### WHAT IS REQUIRED:
Exact copies of all the lines below are required, with the pictures omitted.

════════════════

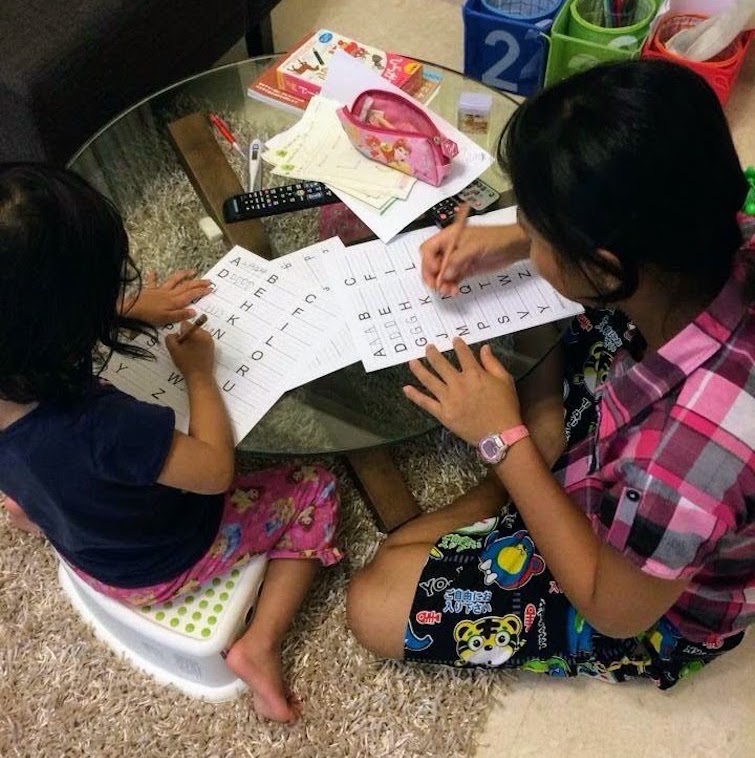 私たちは最近シンガポールでも人気となってきているミャンマー出身の20代前半の女性にメイドとして働いてもらっていますが、ミャンマーの首都ヤンゴンでは平均的な月収は約1万円らしいので、シンガポールでメイドをすればその数倍を若い女性でも稼げることになります。ミャンマー人はフィリピン人と比較して英語が苦手ですが、写真にあるように娘と一緒に基礎から勉強して、うちで働き始めて半年で話すことはもちろん、読み・書きも含めてかなり上達しました。
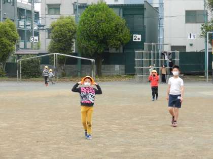 黄色い帽子をかぶった1年生が「校庭デビュー」をしました。
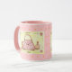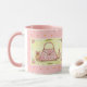 De jolies bouteilles de parfum et un sac rose décorent cette tasse de café. Cette tasse est idéale pour la Saint-Valentin, un anniversaire, la fête des mères, etc...Le dessin est tiré d'une illustration originale.
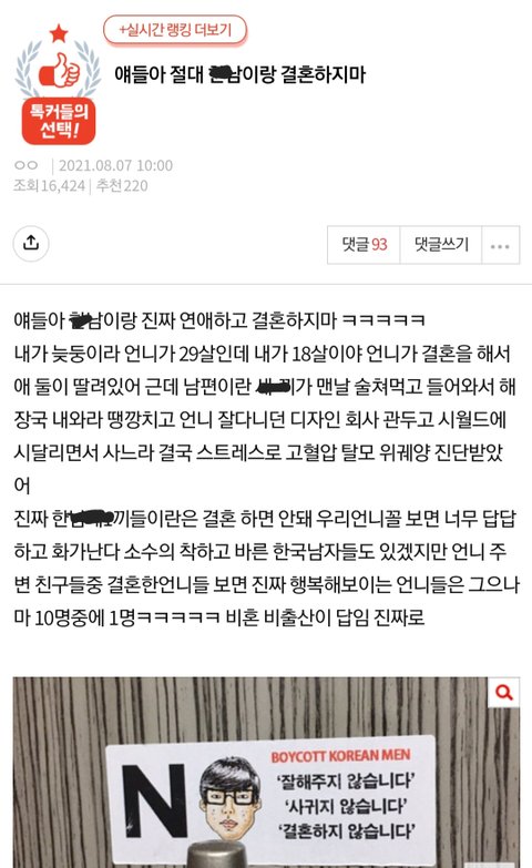 짱깨들 좌표찍고 또 혐오글 톡선에 올렸어
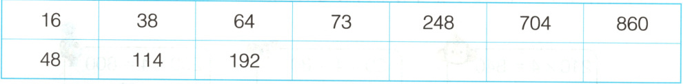 3. 先想一想第一行的数怎样才能得到第二行的数,再把表填完整。
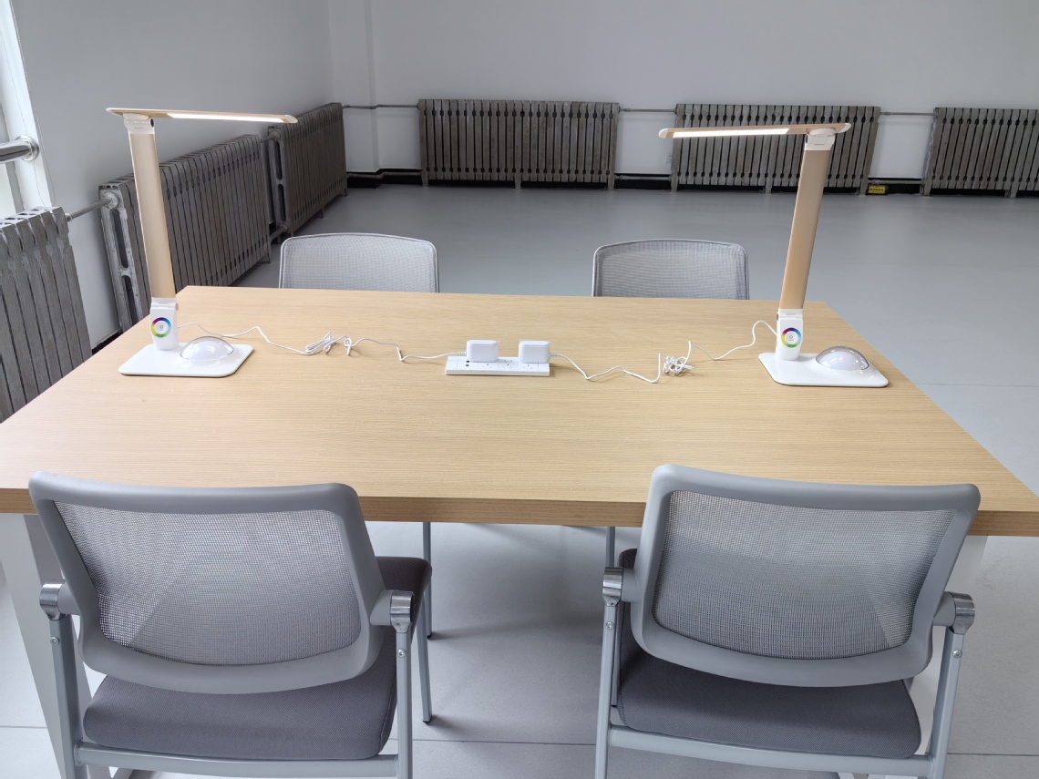 此次改造聚焦师生学习需求,硬件升级亮点纷呈。所有自修室桌面均增设电源接口与USB充电口,满足电子设备续航需求,实现“不断电”学习;308自修室全面铺设地胶、翻新棚顶,并加装消防喷淋系统与自动报警器,安全等级显著提升,且每桌配备独立阅读台灯,光线柔和护眼;新增设的419自修室还配备空调,保障室内温度适宜。同时,自修室有效座位数量大幅增加,缓解了座位紧张问题。

════════════════

### WRITTEN RESPONSE:
 私たちは最近シンガポールでも人気となってきているミャンマー出身の20代前半の女性にメイドとして働いてもらっていますが、ミャンマーの首都ヤンゴンでは平均的な月収は約1万円らしいので、シンガポールでメイドをすればその数倍を若い女性でも稼げることになります。ミャンマー人はフィリピン人と比較して英語が苦手ですが、写真にあるように娘と一緒に基礎から勉強して、うちで働き始めて半年で話すことはもちろん、読み・書きも含めてかなり上達しました。
 黄色い帽子をかぶった1年生が「校庭デビュー」をしました。
 De jolies bouteilles de parfum et un sac rose décorent cette tasse de café. Cette tasse est idéale pour la Saint-Valentin, un anniversaire, la fête des mères, etc...Le dessin est tiré d'une illustration originale.
 짱깨들 좌표찍고 또 혐오글 톡선에 올렸어
 3. 先想一想第一行的数怎样才能得到第二行的数,再把表填完整。
 此次改造聚焦师生学习需求,硬件升级亮点纷呈。所有自修室桌面均增设电源接口与USB充电口,满足电子设备续航需求,实现“不断电”学习;308自修室全面铺设地胶、翻新棚顶,并加装消防喷淋系统与自动报警器,安全等级显著提升,且每桌配备独立阅读台灯,光线柔和护眼;新增设的419自修室还配备空调,保障室内温度适宜。同时,自修室有效座位数量大幅增加,缓解了座位紧张问题。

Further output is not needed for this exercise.